Which is not to say that there isn’t much of interest behind said glass. The show’s most celebrated feature is designer Tom Sepe’s 12-foot-tall, swivelling robotic arm right of center, its silhouette somewhere between a cherry tree and the hopping lamp that stares out at us at the beginning of every Pixar movie. As a matter of fact, Sepe’s installation does precisely that at rise, and is later deputized to such tasks as serving tea and hoisting one of the set’s many white benches. (The design is by Anna Fedorova.) Also on the premises is a scampering robotic dog, headless but lovable; he only fitfully engages the attention of the returning Mme. Ranevskaya (Hecht) and entourage, but he sure engaged mine.
What, you may ask, does all this reveal of the story of a mistress’s estate and titular orchard falling into the hands of the nouveau riche neighbor Lopakhin (Nael Nacer)? To one unfamiliar with the original narrative, I warrant The Orchard would be a real puzzler, what with a lot of muffled exposition as the characters lounge on benches and floor in odd louche poses, lacking clarity despite closeups captured live on the big screen. A few mentions are made of Ranevskaya’s long-ago drowned little boy, whose death is central to what happens in Chekhov but doesn’t carry nearly the resonance here. And while it’s pretty clear that ownership is changing, due to the estate auction’s occurring during a projected Zoom chat, neither doddering Gaev (Jeffrey Hayenga) nor his sister, whom Hecht plays younger and flightier than usual for the role, seems much troubled by the loss.
One clear standout is Nacer, who evokes a respectful, eager-to-please improviser, coping with his neighbors’ odd behavior but unable not to crow at his own good fortune. Another is Baryshnikov, who at 74 is still spry as a cricket but readily takes on the frail, fussy persona of the ancient retainer Firs, and gets many laughs thereby. Either would seamlesssly fit into a conventional Cherry Orchard production, and Nacer in particular livens things up considerably, not least because his vocal and physical energy manage to leap out to the spectator. (I hate to keep harping on that scrim, but there it is.)

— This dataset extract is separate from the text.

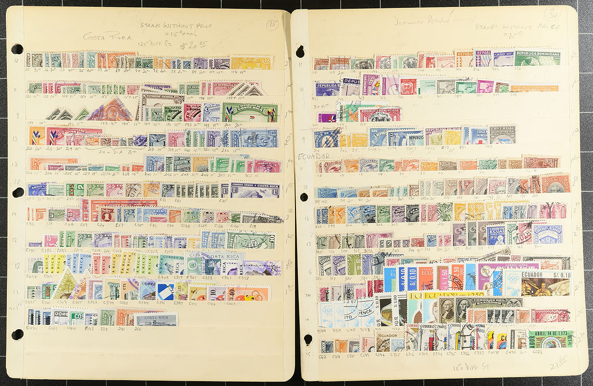 Large accumulation of primarily used South and Central America, 1880's-1960's, with a few thousand stamps in over 30 stock pages. A quick cursory check indicated better representation from Costa Rica, Nicaragua, Brazil, Colombia, along with a few other countries. Some of the material has been identified, with catalogue values for stamps generally $3 and under, leaving better finds, including better postmarks to the dedicated collector. A nice opportunity for worldwide collectors from this sometimes under-appreciated collecting area. Overall fine to very fine. Estimate =

With one foot in the 19th century and the other on Spaceship Earth, The Orchard literally embodies one of Chekhov’s main themes, an Old Guard giving way to a new generation. And I did find it fascinating, less for its relationship to one of my favorite plays than for what it anticipates for my favorite art form. Robotics, it seems to me, offers tremendous potential for innovative staging, including the creation of “virtual actors” that might bring to live spectacle what CGI can bring to the motion picture screen. Projection designers of my acquaintance assert they’ve only begun to explore the limits of what can be done on stage, and Alex Basco Koch’s work here, varied and inventive, brings individual actors’ emotions to the forefront; his virtual snowstorms contribute to an undeniable mood of melancholy. With the gifted Deaf bilingual Seth Gore in the house as dashing Trofimov, he and Golyak give as much emphasis to ASL as to untranslated, but equally expressive, Russian dialogue, adding unexpected layers of meaning and engagement. Let us have more ASL in more shows, by all means. And exploring a merger between live performance and digital communication is surely an idea whose time has come. If audiences, especially young audiences, find laptops and iPhones as essential to life as credit cards, keys or breathing, why not co-opt such devices to positive and potentially exciting ends?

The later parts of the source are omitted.